One more Shakespeare Quote from a Q Episode

“Hide & Q.” By C. J. Holland and Gene Roddenberry. Perf. Patrick Stewart, Jonathan Frakes, LeVar Burton, Michael Dorn, Denise Crosby, Gates McFadden, Marina Sirtis, Brent Spiner, Wil Wheaton, and John de Lancie. Dir. Cliff Bole. Star Trek: The Next Generation. Season 1, episode 10. Syndicated television. 23 November 1987. DVD. Paramount, 2002.
They always seem to quote from Shakespeare when Q shows up. I'm not entirely sure why, but I think it may have to do with the idea that Q seeks to understand human nature—and who has more to say about the emotions and actions of human beings than Shakespeare?

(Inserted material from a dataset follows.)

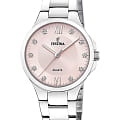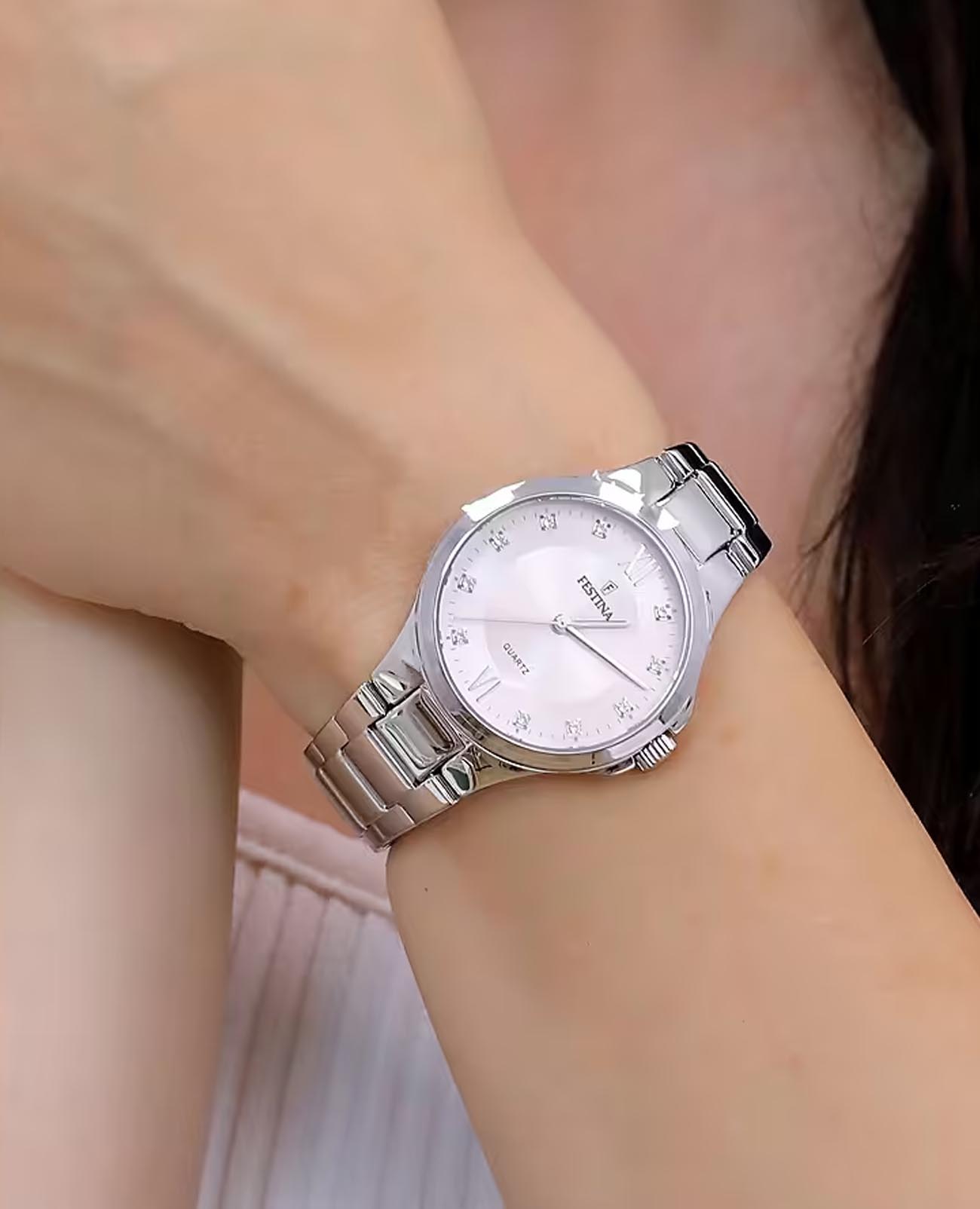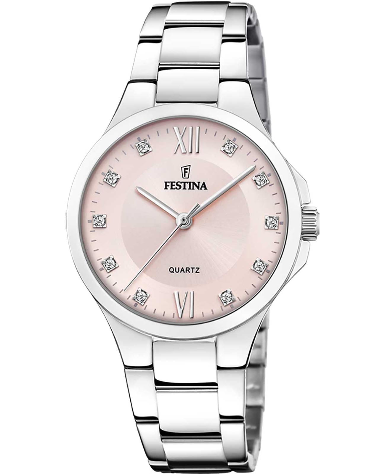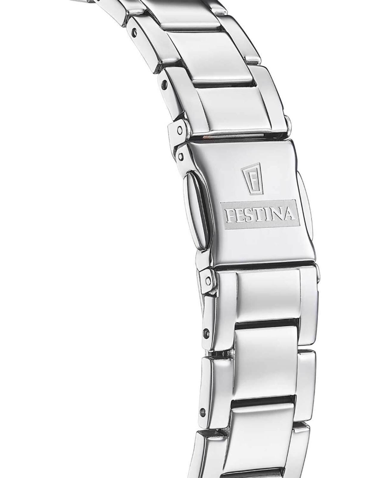 Женские наручные часы Festina Mademoiselle F20582/2. Кварцевый механизм с высокой точностью. Минеральное стеклоМинеральное стеклоМинеральное стекло представляет собой искусственно выращенный минерал кварца. Такое стекло отличается особой устойчивостью к повреждениям и царапинам. Уступает по некоторым качествам сапфировому стеклу. устойчивое к появлению царапин, обладающее высокой прозрачностью. Циферблат украшен цирконами. Класс водозащиты: 50 метров, позволит защитить часы от капель дождя. Корпус часов изготовлен из нержавеющей стали 316L. Браслет с раскладной застёжкойРаскладная застёжкаТакой тип застёжки используется только на браслетах из металла. Она никогда не раскрывается полностью, происходит разделение на 2 и более частей. Раскладывающая застёжка снизит вероятность потери часов к минимуму..

At the end of "Hide and Q," an episode in which Picard and Q exchange Shakespeare quotes (for which, q.v.), Data gives us a brief quote from Polonius as a way of indicating why the crew wants to be who they are:


Polonius' speech to Laertes is awfully long-winded, but it concludes with those eminently-quotable lines—and the ones that must follow as the night the day: "And it must follow as the night the day / Thou canst not then be false to any man" (I.iii.79-80). Apparently, that bit of Polonius' advice is as applicable far in the future as it was in the past.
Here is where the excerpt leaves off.